Re: scsi problems causing backup to fail; what's going on?

hi,
was anything changed on your server? This sounds indeed like SCSI problems : duplicate SCSI address, bad terminator, ...
good luck,
Thierry.
All unix flavours are exactly the same . . . . . . . . . . for end users anyway.
Mark Vollmers
Esteemed Contributor

Re: scsi problems causing backup to fail; what's going on?

The RAID drive has all slots terminated or has cables in them. Likewise with the server. I didn't notice anything odd with the controller. We recently had to re-configure it cause it lost the SCSI channel info after a shutdown (we replaced the controller casing and reconfigured), but that was a month ago and had worked fine afterwards. I don't understand where all the disconnects are coming from, since I can access /home (on the RAID) fine, so that has not crashed on me.
"We apologize for the inconvience" -God's last message to all creation, from Douglas Adams "So Long and Thanks for all the Fish"
A. Clay Stephenson
Acclaimed Contributor

Re: scsi problems causing backup to fail; what's going on?

Hi Mark,

Definitely looks like SCSI problems; I would make sure that the buss in properly terminated
on both ends - Did HP install the resistor packs in the controller (if the controller is at the end of the buss). I once had a problem like this on a K-box and it turned out that
one of the terminators was bad but replacing it didn't fix the problem. The bad terminator had blown the on-board term power fuse.
Also, are you anywhere near maximum cable lenght?

My 2 cents, Clay
If it ain't broke, I can fix that.
Mark Vollmers
Esteemed Contributor

Re: scsi problems causing backup to fail; what's going on?
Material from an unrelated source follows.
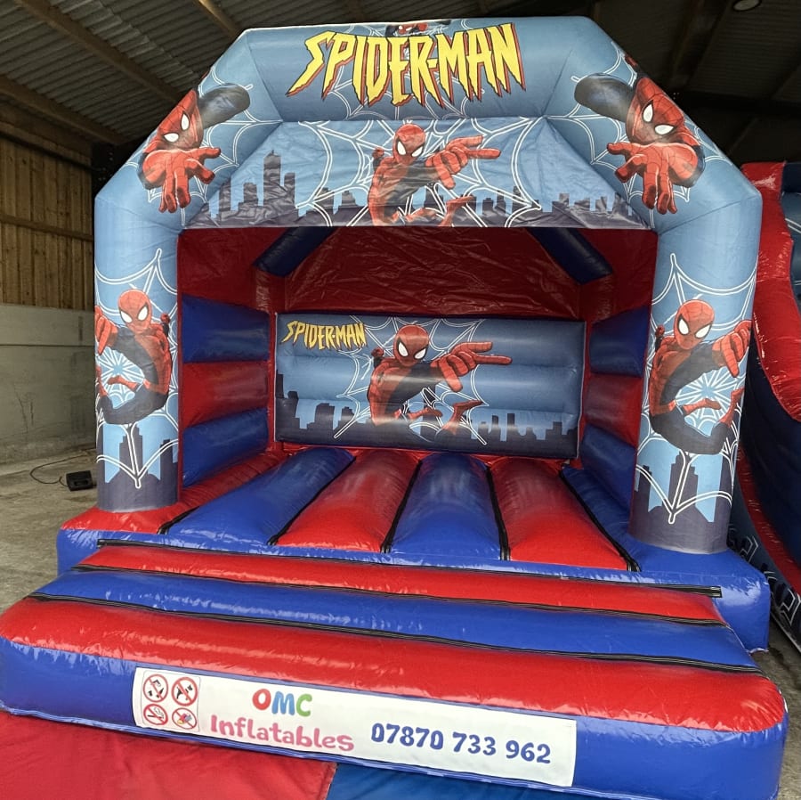OMC Inflatables are proud to offer you this Spider-Man bouncy castle, ready to be hired throughout the North West of England including Manchester, Stockport, Oldham, Wigan, Rochdale, Salford, Warrington, Leigh,Cheshire.

I can try to track down a new terminator and cable to check those. I'm not sure that I understand what's going on, though. If there is a bad cable (or terminator), why is backup the only thing that is having problems? If the cable were bad, for example, wouldn't that take out the whole drive? And why did backup work last night but still give SCSI errors?

The only thing on the server that was different was the one NT that got turned off but was still mounted, so the server would look for it but not find it. It was powered back on Mon, and the server rebooted Tues. night. The NFS mount shouldn't be interacting with the RAID, but I could be wrong. Thanks for the ideas so far.

Mark
"We apologize for the inconvience" -God's last message to all creation, from Douglas Adams "So Long and Thanks for all the Fish"
A. Clay Stephenson
Acclaimed Contributor

Re: scsi problems causing backup to fail; what's going on?

Mark,

One other thought. You didn't mention the tape device type. If it's a DLT (and especially a DLT7000 or 8000 - or Ultrium) it shouldn't be on the same buss.

Clay
If it ain't broke, I can fix that.
paul courry
Honored Contributor

Re: scsi problems causing backup to fail; what's going on?

Clay, this is what I was thinking. He aluded to a change in configuration about a month ago. Since DLT's are bandwidth hogs they should be given their own SCSI card. However, problems with placing other devices on the same card won't necessarily show up immediately; they'll show up either when you start to use them or when you get spikes in the bandwidth usage.
Mark Vollmers
Esteemed Contributor

Re: scsi problems causing backup to fail; what's going on?

Clay-
It is a HP DDS-3 Dat24 external drive.
"We apologize for the inconvience" -God's last message to all creation, from Douglas Adams "So Long and Thanks for all the Fish"
Mark Vollmers
Esteemed Contributor

Re: scsi problems causing backup to fail; what's going on?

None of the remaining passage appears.